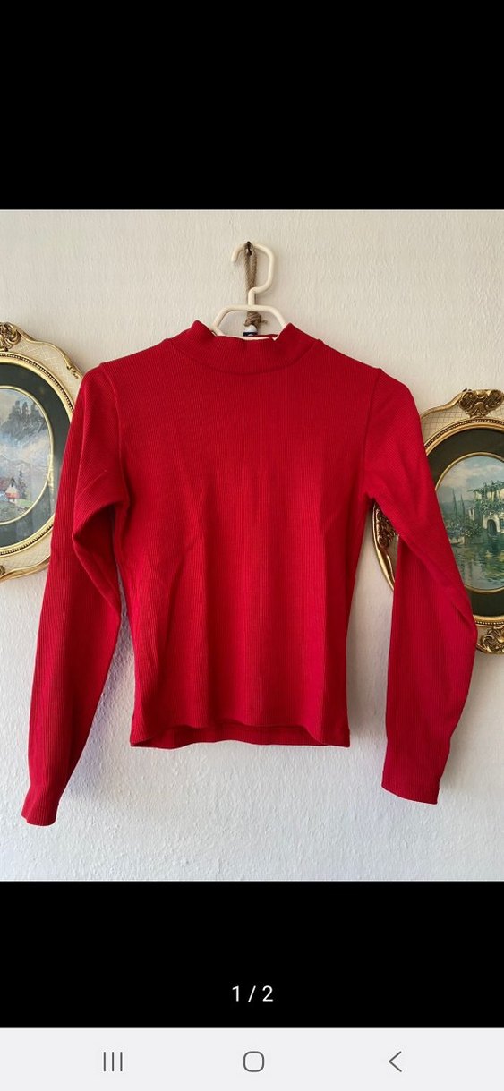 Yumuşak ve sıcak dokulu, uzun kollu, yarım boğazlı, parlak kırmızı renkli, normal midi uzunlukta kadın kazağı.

...

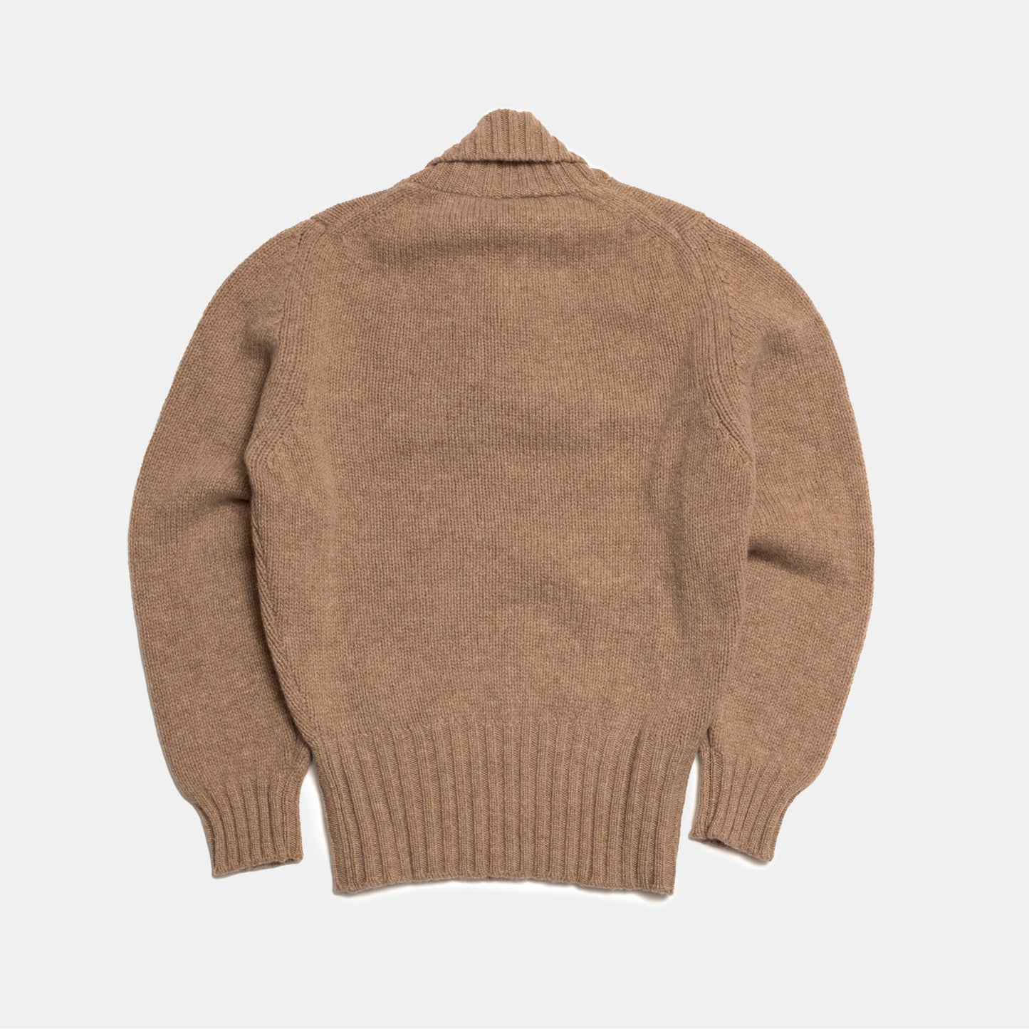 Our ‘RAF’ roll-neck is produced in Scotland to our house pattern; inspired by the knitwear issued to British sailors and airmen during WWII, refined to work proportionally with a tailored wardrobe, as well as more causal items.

* * *

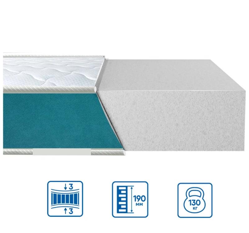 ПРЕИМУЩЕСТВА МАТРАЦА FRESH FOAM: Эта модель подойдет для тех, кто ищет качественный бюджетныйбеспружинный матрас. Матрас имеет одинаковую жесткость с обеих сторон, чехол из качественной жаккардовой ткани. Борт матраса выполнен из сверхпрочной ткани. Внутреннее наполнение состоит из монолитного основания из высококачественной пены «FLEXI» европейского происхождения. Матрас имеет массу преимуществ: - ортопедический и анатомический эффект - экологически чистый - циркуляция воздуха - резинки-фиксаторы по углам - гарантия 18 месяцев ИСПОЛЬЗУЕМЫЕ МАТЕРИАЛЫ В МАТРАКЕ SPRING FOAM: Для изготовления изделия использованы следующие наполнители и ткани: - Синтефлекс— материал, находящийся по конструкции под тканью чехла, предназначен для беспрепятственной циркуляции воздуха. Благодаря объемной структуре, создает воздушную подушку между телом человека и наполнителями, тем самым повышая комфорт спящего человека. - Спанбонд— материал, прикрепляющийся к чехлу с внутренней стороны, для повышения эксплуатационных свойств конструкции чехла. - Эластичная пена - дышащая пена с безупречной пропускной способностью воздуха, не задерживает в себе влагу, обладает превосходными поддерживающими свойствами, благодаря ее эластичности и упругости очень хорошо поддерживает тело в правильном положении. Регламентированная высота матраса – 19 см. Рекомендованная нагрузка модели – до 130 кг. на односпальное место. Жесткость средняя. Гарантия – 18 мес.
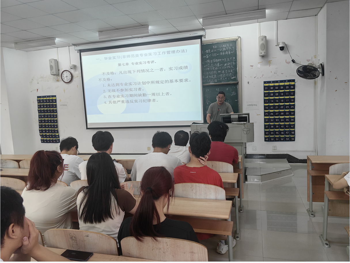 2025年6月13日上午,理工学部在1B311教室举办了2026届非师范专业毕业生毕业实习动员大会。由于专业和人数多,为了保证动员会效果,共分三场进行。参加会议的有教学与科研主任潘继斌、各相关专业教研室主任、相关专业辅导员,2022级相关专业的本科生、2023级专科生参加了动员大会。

* **DIRECTIONS FOR THIS TASK**
For this exercise, reproduce exactly the lines of the records above from the one with "ПРЕИМУЩЕСТВА МАТРАЦА FRESH" up to and including the one with "2025年6月13日上午,理", without pictures.

* **REPLY TO THE TASK**
 ПРЕИМУЩЕСТВА МАТРАЦА FRESH FOAM: Эта модель подойдет для тех, кто ищет качественный бюджетныйбеспружинный матрас. Матрас имеет одинаковую жесткость с обеих сторон, чехол из качественной жаккардовой ткани. Борт матраса выполнен из сверхпрочной ткани. Внутреннее наполнение состоит из монолитного основания из высококачественной пены «FLEXI» европейского происхождения. Матрас имеет массу преимуществ: - ортопедический и анатомический эффект - экологически чистый - циркуляция воздуха - резинки-фиксаторы по углам - гарантия 18 месяцев ИСПОЛЬЗУЕМЫЕ МАТЕРИАЛЫ В МАТРАКЕ SPRING FOAM: Для изготовления изделия использованы следующие наполнители и ткани: - Синтефлекс— материал, находящийся по конструкции под тканью чехла, предназначен для беспрепятственной циркуляции воздуха. Благодаря объемной структуре, создает воздушную подушку между телом человека и наполнителями, тем самым повышая комфорт спящего человека. - Спанбонд— материал, прикрепляющийся к чехлу с внутренней стороны, для повышения эксплуатационных свойств конструкции чехла. - Эластичная пена - дышащая пена с безупречной пропускной способностью воздуха, не задерживает в себе влагу, обладает превосходными поддерживающими свойствами, благодаря ее эластичности и упругости очень хорошо поддерживает тело в правильном положении. Регламентированная высота матраса – 19 см. Рекомендованная нагрузка модели – до 130 кг. на односпальное место. Жесткость средняя. Гарантия – 18 мес.
 2025年6月13日上午,理工学部在1B311教室举办了2026届非师范专业毕业生毕业实习动员大会。由于专业和人数多,为了保证动员会效果,共分三场进行。参加会议的有教学与科研主任潘继斌、各相关专业教研室主任、相关专业辅导员,2022级相关专业的本科生、2023级专科生参加了动员大会。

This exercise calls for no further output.